Seria reduzido a alimento e partes de seu corpo se transformariam em insumos de produtos (Acervo: Deposit Photos)

Encontrei um jovem animal morto à sombra de uma sete-copas, deixado para apodrecer. Seria reduzido a alimento e partes de seu corpo se transformariam em insumos de produtos nas seções de higiene e limpeza dos mercados. Que contradição, a morte alimentando, higienizando, limpando e purificando. É assim. Ajoelhei-me e analisei cada parte de seu corpo. Ninguém o moveria.

Havia manchas com formas humanas. Estava diante de um animal dantes doente, de olhos amarelecidos. “Hum…me lembra um senhor com cirrose hepática.” Mas aquele animal não tinha vícios. Por que amargar tal desgraça e punição? Nos olhos, não me vi. Só uma imagem imota de alguém erguendo um facão para golpear fatalmente a garganta. Sem emoção, sem consideração, só o vácuo da degradação.

O sangue que já não descia se entranhou no solo e fez brotar plantinha felpuda. Encostei o dedo, gemeu; gemeu com a voz que não mais pertencia ao animal desfalecido.

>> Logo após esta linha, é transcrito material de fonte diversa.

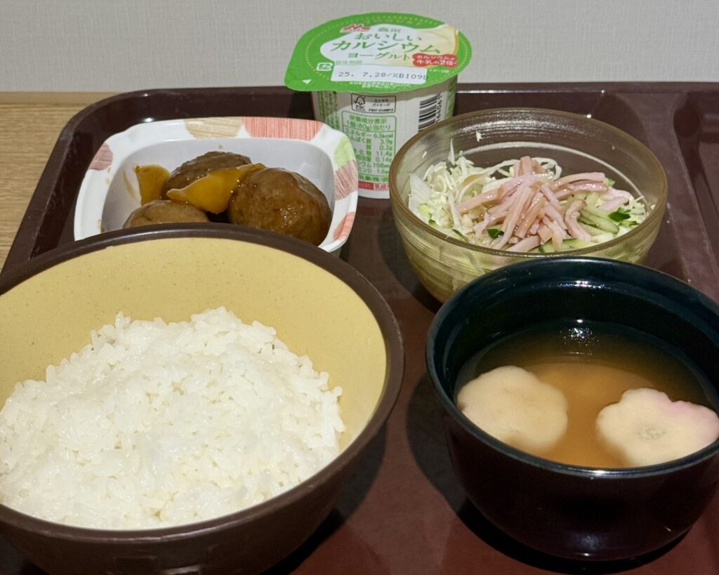 ベッドに運ばれてきたのは、味噌汁、そしてまさかの肉団子! 「お粥だろう」と勝手に想像していたので、本当に驚きました。全身麻酔から覚めたばかりで、まだ体がだるい中、食べるのが正直しんどかったのですが、この肉団子の甘辛い味付けが、麻酔でぼんやりしていた意識を現実に引き戻してくれたような気がします。「あれ?これ、全然美味いぞ」と感動したのを覚えています。
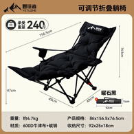 野徒者户外折叠椅躺椅子阳台午休便携家用户外钓鱼椅沙滩椅坐躺两用 耀夜黑【腿托可拆】加棉款 加宽86cm

Só ela, somente ela sobrevivia naquele cenário. O solo onde o falecido não seria sepultado encaiporou. Esgotado. Tudo morria diante de mim, menos a plantinha. Sentei, levantei a cabeça do finado e massageei seus pelos. Macio e mortiço.

Ele não reagia, mas a plantinha vibrava, como se sentisse minhas mãos afagando-lhe com préstimo. Suas folhas cresciam e fremiam cada vez mais. Continuei massageando o topo de sua cabeça. Cresceu muito. Já não era plantinha, virou árvore. Um de seus galhos lançou-me sobre o ponto mais alto.

Equilibrei-me recuando o corpo, a cabeça e procurando o animal no solo estéril. Tinha desaparecido. Em um raio de quilômetros as pastagens foram engolidas pela terra. Mais plantinhas felpudas nasciam e gemiam; vozes de animais que sucumbiam.

Jornalista e especialista em jornalismo cultural, histórico e literário (MTB: 10612/PR)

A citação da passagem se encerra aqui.